A good way to illustrate the difference would be to use and int and float example. A float value declared and initialized as
float f = 2.0;
cab be cast (explicitly or implicitly converted) to int type
int i = (int) f;
with the expected result
assert(i == 2);
This is indeed a cast (a conversion).
Alternatively, the same float value can be also reinterpreted as an int value
int i = (int &) f;
However, in this case the value of i will be totally meaningless and generally unpredictable. I hope it is easy to see the difference between a conversion and a memory reinterpretation from these examples.

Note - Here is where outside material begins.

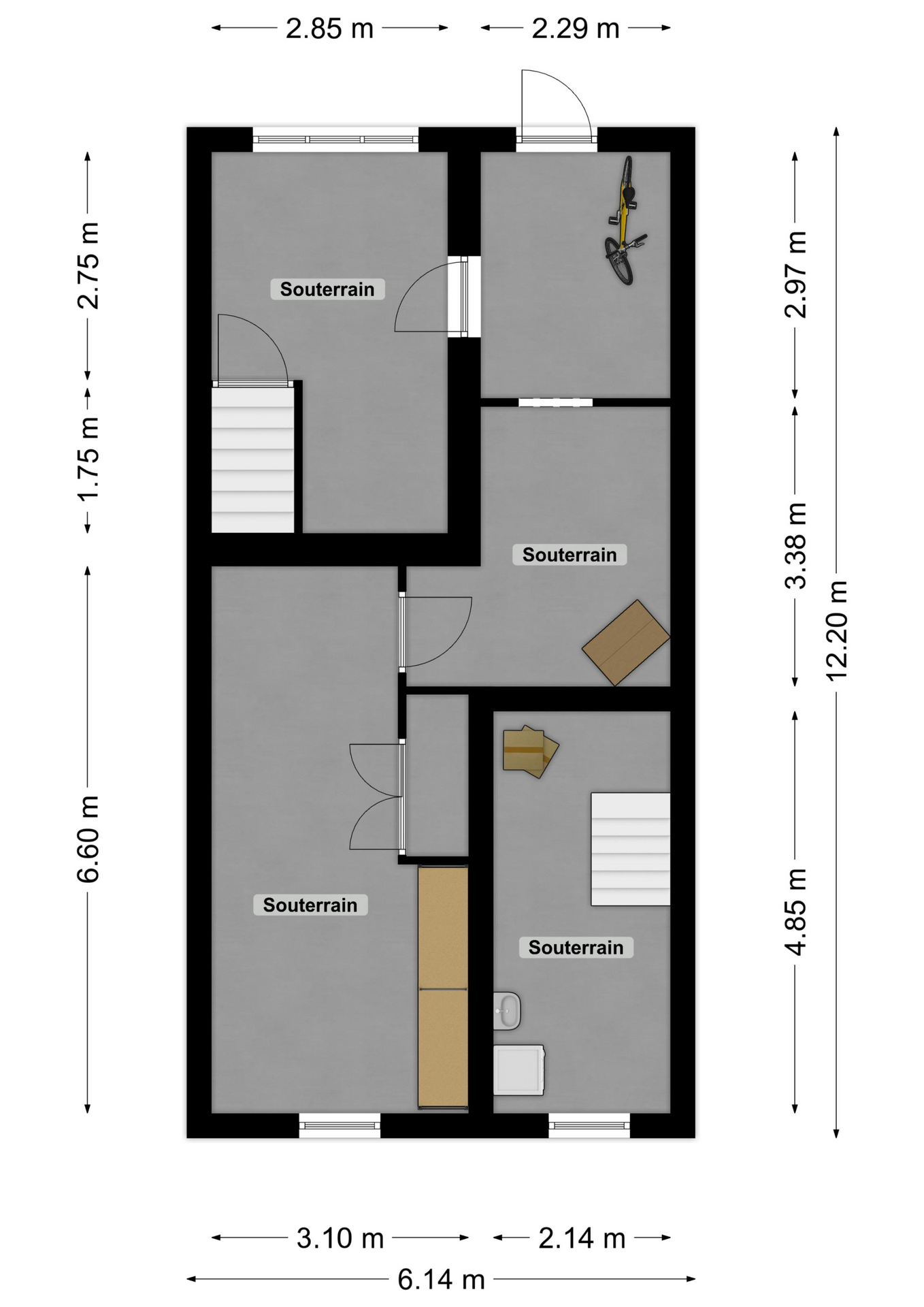 Vanuit de hal bereikbare originele provisiekelder (ca. 10 m2) met betonvloer en witgoedaansluitingen. Vanuit de woonkamer en de kelder is de rest van de kelders bereikbaar, verdeeld over vier ruimtes van resp. ca. 11, 7 ,9 en 17 m2 met beton/tegelvloeren.

Reinterpretation is exactly what you are doing in your code. The (A *&) p expression is nothing else than a reinterpretation of raw memory occupied by pointer void *p as pointer of type A *. The language does not guarantee that these two pointer types have the same representation and even the same size. So, expecting the predictable behavior from your code is like expecting the above (int &) f expression to evaluate to 2.
The proper way to really "cast back" your void * pointer would be to do (A *) p, not (A *&) p. The result of (A *) p would indeed be the original pointer value, that can be safely manipulated by pointer arithmetic. The only proper way to obtain the original value as an lvalue would be to use an additional variable
A *pa = (A *) p;
...
pa++;
...
And there's no legal way to create an lvalue "in place", as you attempted to by your (A *&) p cast. The behavior of your code is an illustration of that.
As others have commented, your code appears like it should work. Only once (in 17+ years of coding in C++) I ran across something where I was looking straight at the code and the behavior, like in your case, just didn't make sense. I ended up running the code through debugger and opening a disassembly window. I found what could only be explained as a bug in VS2003 compiler because it was missing exactly one instruction. Simply rearranging local variables at the top of the function (30 lines or so from the error) made the compiler put the correct instruction back in. So try debugger with disassembly and follow memory/registers to see what it's actually doing?
As far as advancing the pointer, you should be able to advance it by doing:
p = (char*)p + sizeof( A );
VS2003 through VS2010 never give you complaints about that, not sure about g++